◆ **TASK DETAILS**
Please go line by line and repeat the data below exactly, with no images.

◆ **DATASET EXCERPT**

# # #

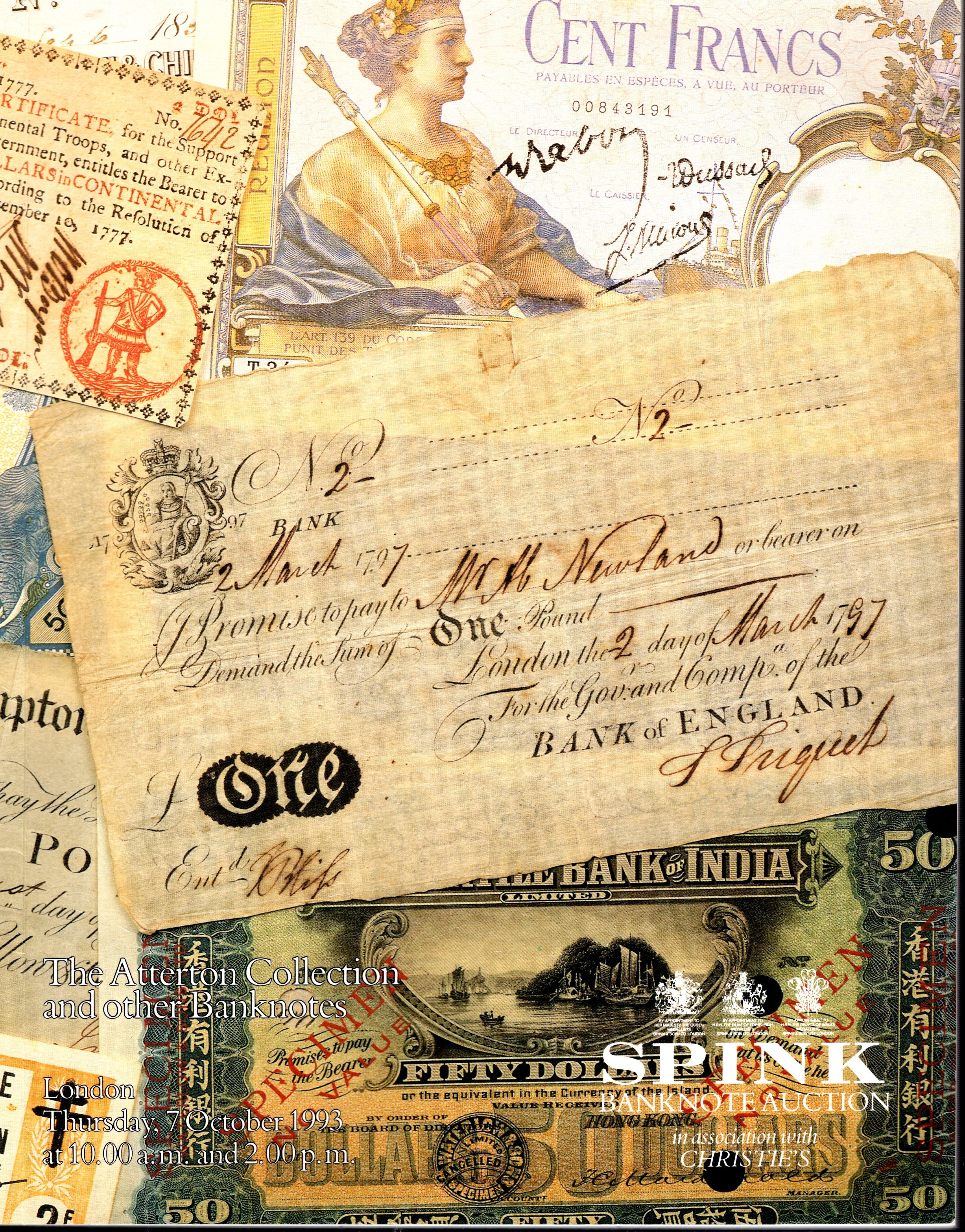 SPINK COINS - CHRISTIE'S. - London, 7 - October, 1993. The Atterton collection and other Banknotes. Pp 165, nn. 938, tavv. 93. ril. ed. ottimo stato. importante collezione di Banconote mondiali.
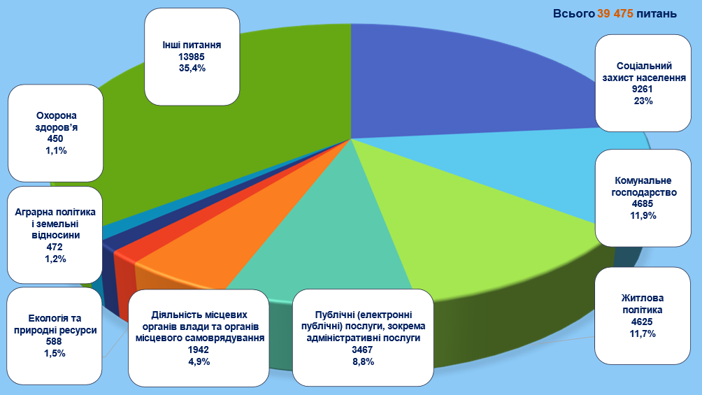 У зверненнях до райдержадміністрацій, районних військових адміністрацій, військово-цивільної, військових адміністрацій населених пунктів, виконавчих апаратів обласної та районних рад протягом 2025 року громадяни порушили 39475 різноманітних питань, що на 7,4% більше, ніж у 2024 році (36766 питань).
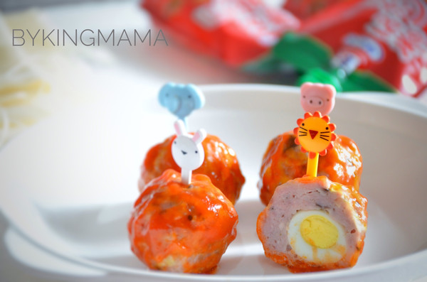 除鹌鹑蛋,味好美番茄沙司,蛋黄液以外其他配料、调料加入肉馅里。

# # #

◆ **SOLUTION FOR THIS PROBLEM**
 SPINK COINS - CHRISTIE'S. - London, 7 - October, 1993. The Atterton collection and other Banknotes. Pp 165, nn. 938, tavv. 93. ril. ed. ottimo stato. importante collezione di Banconote mondiali.
 У зверненнях до райдержадміністрацій, районних військових адміністрацій, військово-цивільної, військових адміністрацій населених пунктів, виконавчих апаратів обласної та районних рад протягом 2025 року громадяни порушили 39475 різноманітних питань, що на 7,4% більше, ніж у 2024 році (36766 питань).
 除鹌鹑蛋,味好美番茄沙司,蛋黄液以外其他配料、调料加入肉馅里。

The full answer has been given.